Source material:

=======

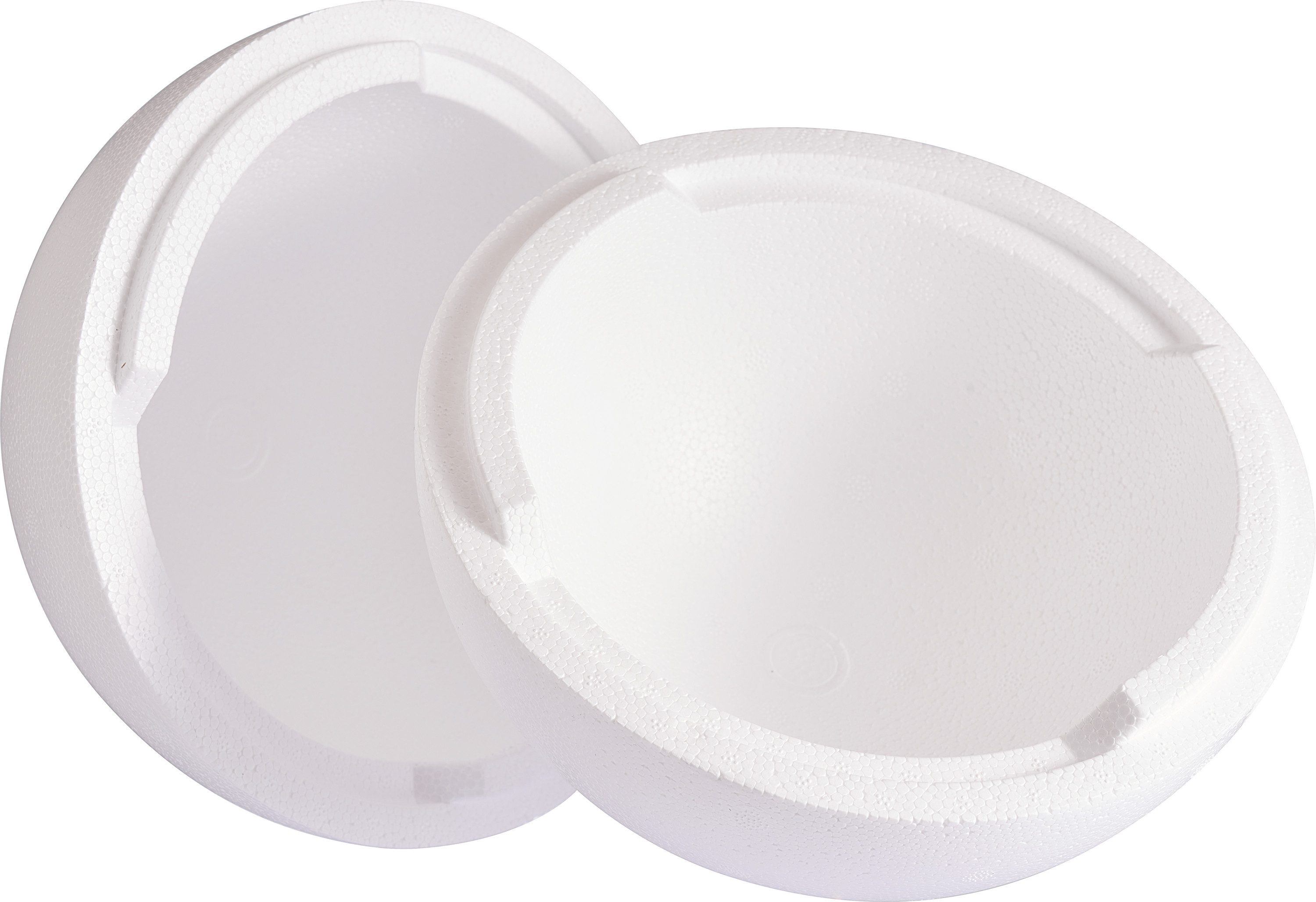 Weiße Styroporkugel mit einem Ø von ca. 20 cm. Die Kugel ist 2-tlg., dementsprrechend teilbar und von innen hohl.
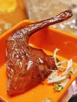 As for snacks, the roasted 🐦 pigeon is crispy on the outside and tender on the inside, even better than many restaurant offerings 👍.
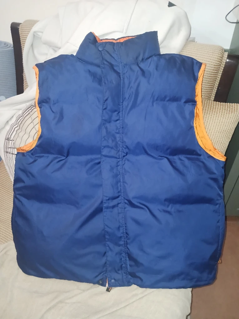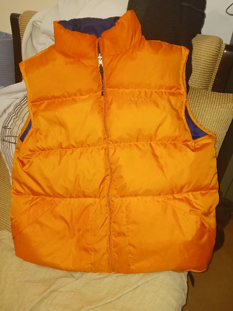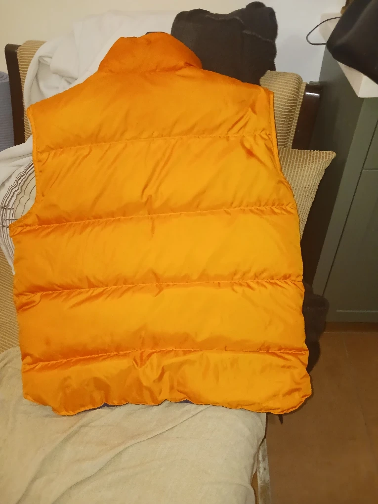 Reversible puffer vest in mint condition, great for layering! One side is orange, the other is blue. Thick, warm and perfect for adding a pop of colour to your outfit! Purchased by mistake thinking it was a Women's L/XL - but it is a Men's L/XL
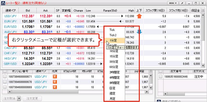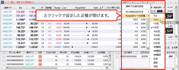 また、右上の「MENU」から「Rangeのチャートの足種」で設定した足種を左クリックで開くこともできます。

=======

Exercise brief:
No pictures belong in the copy; quote exactly the lines from the line containing "Reversible puffer vest" through the final line of the material, both ends included.

Answer below:
 Reversible puffer vest in mint condition, great for layering! One side is orange, the other is blue. Thick, warm and perfect for adding a pop of colour to your outfit! Purchased by mistake thinking it was a Women's L/XL - but it is a Men's L/XL
 また、右上の「MENU」から「Rangeのチャートの足種」で設定した足種を左クリックで開くこともできます。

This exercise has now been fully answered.